Freight-related energy consumption is responsible for 43% of the transport sector’s energy demand and has proved more challenging to decarbonise than passenger transport. Maritime transport (19% of total transport energy demand) and heavy road transport (18%) are the two most important energy end-uses to focus on.

Nordic Energy Research’s activities on renewable transport can be divided into different thematic areas:

Land transport:

• Nordic Power to X (P2X) for Sustainable Road Transport – The aim of Nordic P2X for Sustainable Road Transport is to assess the potential for reduction of greenhouse gas emissions from road transport within the Nordics by the use of electrofuels.
• Nordic EV Summit – The Nordic EV Summit is a yearly event organised by The Norwegian EV Association, Teknisk Ukeblad, SAMS Norway and Nordic Energy Research.  It is the largest gathering of its kind in the Nordics.

• Nordic EV Barometer
• Heavy road transport (upcoming)

Maritime Transport:

• Nordic Maritime Transport and Energy Research Programme – focuses on maritime topics of common interest for all Nordic countries and on producing knowledge that will complement, rather than duplicate, national R&D programmes.  The intention of this research programme is to create outcomes and impact of greater value for the countries involved than could be achieved through national activities alone.
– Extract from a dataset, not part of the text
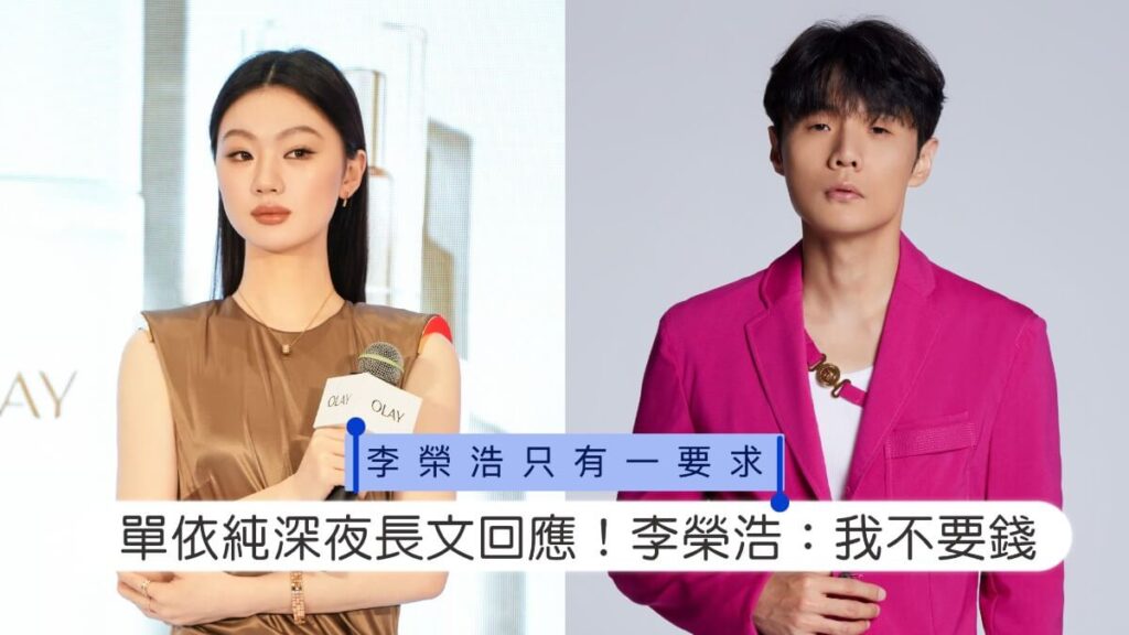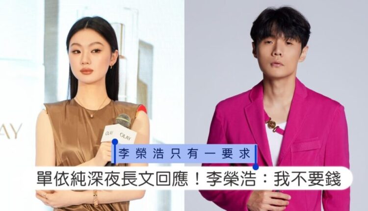 李榮浩則在38分鐘後火速回應,表示只要後續他和家人不再遭到單依純粉絲的惡意謾罵,他將不會主動再提,並回絕了單依純提議的版權費賠償。不過針對網路謾罵,他強調將保留追究的權利。

• Navigating towards Cleaner Maritime Shipping (upcoming)

Aviation:

Nordic Energy Research began its work in the area with the launch of the “Sustainable Jet fuel for aviation” report in Oslo, 2016.  The aim of the report was asses to what extent the use of advanced sustainable jet fuel may contribute to GHG reduction and mitigation, and to identify the extent of the commercial potential for initiating and scaling up advanced sustainable jet fuel production at a Nordic level. In 2020 we published a follow-up report that can be downloaded here.

Systems:

Nordic Energy Research also financed SHIFT (Sustainable Horizons in Future Transport) one of three flagship projects that concluded in 2019.  Findings from the project can viewed on the SHIFT webpage.

Learn about the results from the three flagship projects.

Shift researchers Magnus Hennlock, Markus Wråke, Kenneth B. Karlsson, Tanu Priya Uteng and Steven Sarasini on what the project is all about and why it matters to you and me.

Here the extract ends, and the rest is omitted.